Applications of language models
Language models have different purposes and are trained according to what you want to achieve with them. Some examples of common purposes are:
- Word prediction or sentence completion: These models are able to generate words or complete sentences based on the previous context. They can predict the next word in a sentence or generate coherent and continuous text.
- Machine translation: Language models are also used in machine translation, where they are trained to generate text in a target language from text in a source language.
- Text summarisation: These models can generate concise and coherent summaries of longer texts, capturing the main ideas and eliminating redundant information.

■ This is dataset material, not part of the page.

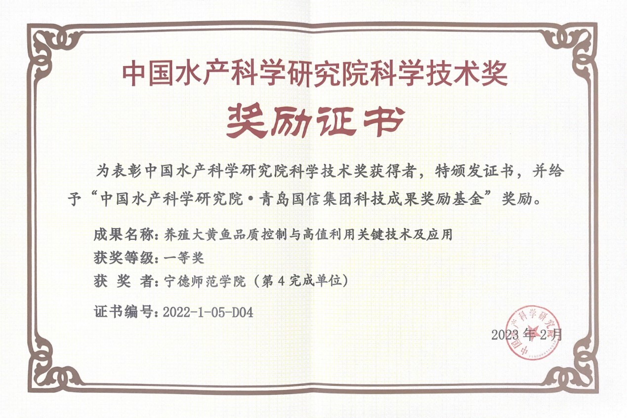 2023年2月14日,中国水产科学研究院公布了2022年度科学技术奖获奖项目,其中由BB贝博艾弗森特聘教授海洋渔业振兴公司副经理郭全友研究员主持完成的《养殖大黄鱼品质控制与高值利用关键技术及应用》项目荣获中国水产科学研究院科学技术一等奖。本成果针对大黄鱼原料品质差异大、冷链贮销衔接差、高值利用率低等关键问题,围绕大黄鱼“质量分级→冷链贮运→高值利用”的研发路径,开展其原料品质和致腐机制等基础研究,冷链物流与鲜度预测、靶向控菌和高效发酵、副产物生物提取与综合利用等技术装备研发及集成,制定原料鱼质量等级和高值化利用等标准体系,研制预制菜和香糟鱼等新品,该成果已被福建与浙江地区的多家企业应用,取得了显著的经济、生态和社会效益。
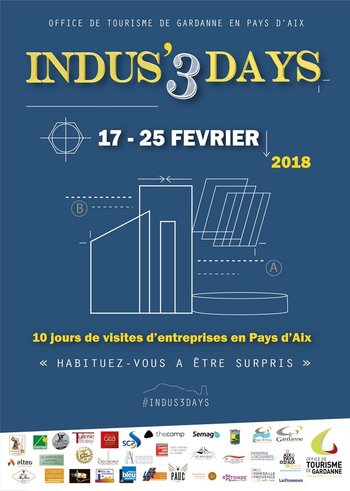 Pour la troisième édition des Indus'3Days, l'équipe de l'Office de Tourisme de Gardanne (animateur de la filière "Tourisme industriel et scientifique" en Pays d'Aix) vous propose des visites inédites, dans des domaines variés : industries, environnement, culture et patrimoine, terroir et gastronomie, histoire, artisanat, ... sur l'ensemble du Pays d'Aix.

- Question answering: Language models are also employed in question-answering systems, where they are trained to generate relevant and accurate answers based on a given question.
- Conversational interaction: Some language models are designed to have more natural conversational interactions. They can conduct dialogues, answer questions contextually and maintain a coherent conversation with users. To train language models, large text datasets are used that span a wide variety of language domains and styles.
These datasets can include books, articles, web pages, conversations, social networks and more. The model learns to capture the structure, context and linguistic patterns present in this data. The model learns to capture the structure, context and linguistic patterns present in this data.
After delving into more technical issues, we can say that virtual agents are an artificial intelligence system based on natural language processing (NLP) and large language models (LLM) that is trained to be able to hold a conversation in real time and provide coherent responses based on the knowledge it has acquired during its training.
Langchain is a development environment designed to exploit the full potential of language models in the creation of applications. Its main goal is to allow the combination of different language models and tools, as well as connecting them to external data sources and other tools, in order to enhance the power and usefulness of language models in various applications.
Langchain also offers the ability to connect to external data sources, which extends the scope and quality of information available to language models. This allows Langchain-based applications to access databases, APIs, websites, document repositories or other relevant data sources to enrich content generation or question answering.
Ultimately, virtual agents are the result of the use of advanced technologies such as embeddings, NLP, generative models and language models, among others.
Thanks to the development of these technologies, they have been widely explored in a variety of use cases and applications, and there is still much to be discovered and developed. These virtual companions have found utility in a variety of fields, such as customer service, home care, healthcare, education, machine translation, content generation and much more. Their versatility and adaptability allow them to be deployed in a wide range of environments and play multiple roles. So we can say that, thanks to their personalised assistance capabilities, virtual agents provide us with a more efficient and satisfying experience in our daily lives, playing an important role in our increasingly digitised world.